— Problem to solve —
Reproduce all the lines below exactly and omit the images.

(Stored items from a collection)
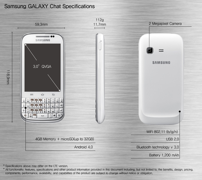 Ένα νέο smartphone ανακοίνωσε η Samsung, το οποίο, όπως φαίνεται και από το όνομά του, απευθύνεται στους οπαδούς των κοινωνικών δικτύων. Το Samsung Galaxy Chat έχει λειτουργικό Android 4.0 Ice Cream Sandwich, οθόνη αφής και πληκτρολόγιο QWERTY.
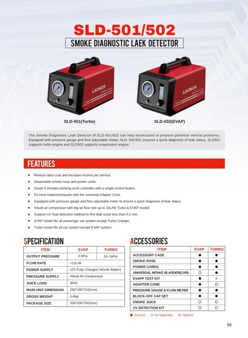 SLD501 and SLD502 smoke leaking detectors assist technicians to potential vehicle problems. It equipped with pressure gauge and flow adjustable meter to ensure a quick diagnosis of leak status.
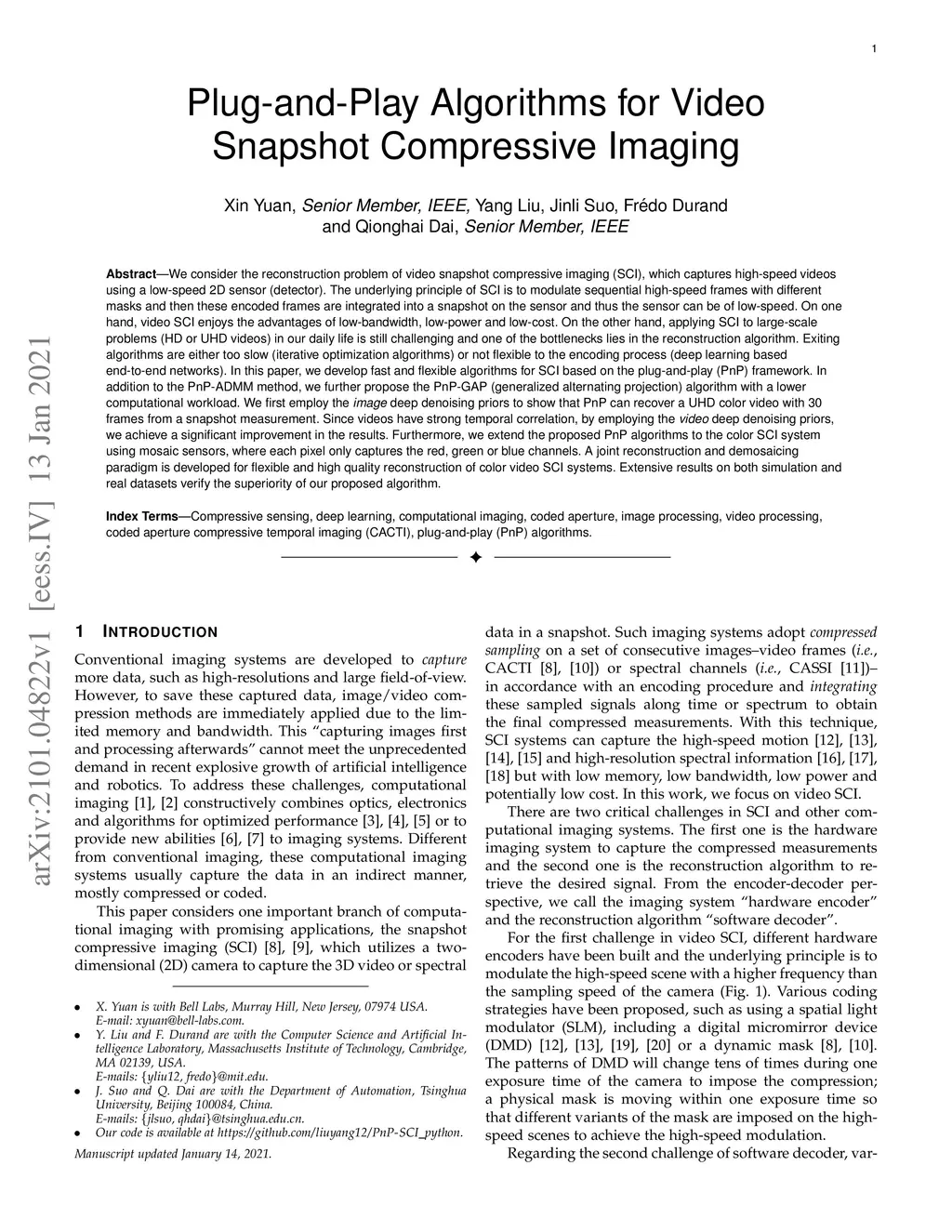 Plug-and-Play Algorithms for Video Snapshot Compressive Imaging
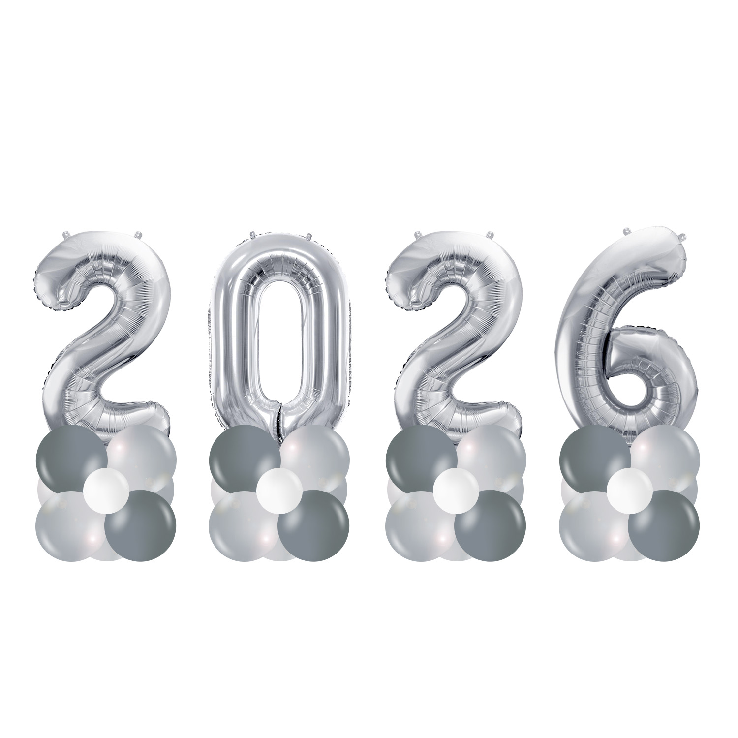 Fin ballongdekor i 4 delar till nyårsfesten inför 2026! Ballongdekoren innehåller 4st foliesiffror med bas av latexballonger.
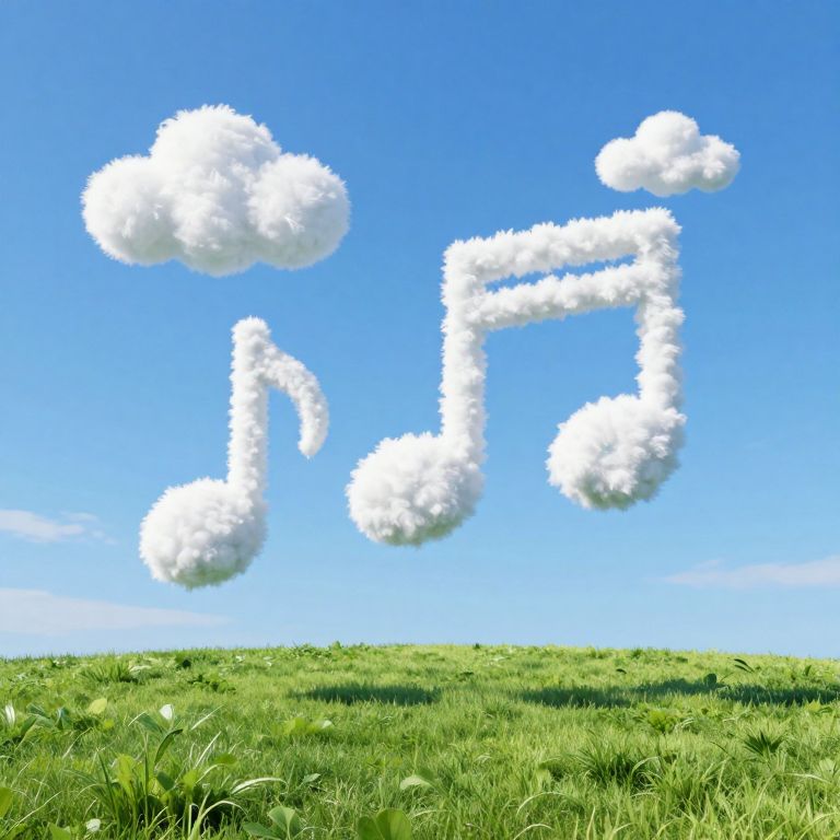 A serene 3D-rendered landscape features fluffy white clouds shaped like musical notes floating against a vibrant blue sky, casting soft shadows over a lush green field that seems to hum in harmony with the celestial melodies.

— Response box —
 Ένα νέο smartphone ανακοίνωσε η Samsung, το οποίο, όπως φαίνεται και από το όνομά του, απευθύνεται στους οπαδούς των κοινωνικών δικτύων. Το Samsung Galaxy Chat έχει λειτουργικό Android 4.0 Ice Cream Sandwich, οθόνη αφής και πληκτρολόγιο QWERTY.
 SLD501 and SLD502 smoke leaking detectors assist technicians to potential vehicle problems. It equipped with pressure gauge and flow adjustable meter to ensure a quick diagnosis of leak status.
 Plug-and-Play Algorithms for Video Snapshot Compressive Imaging
 Fin ballongdekor i 4 delar till nyårsfesten inför 2026! Ballongdekoren innehåller 4st foliesiffror med bas av latexballonger.
 A serene 3D-rendered landscape features fluffy white clouds shaped like musical notes floating against a vibrant blue sky, casting soft shadows over a lush green field that seems to hum in harmony with the celestial melodies.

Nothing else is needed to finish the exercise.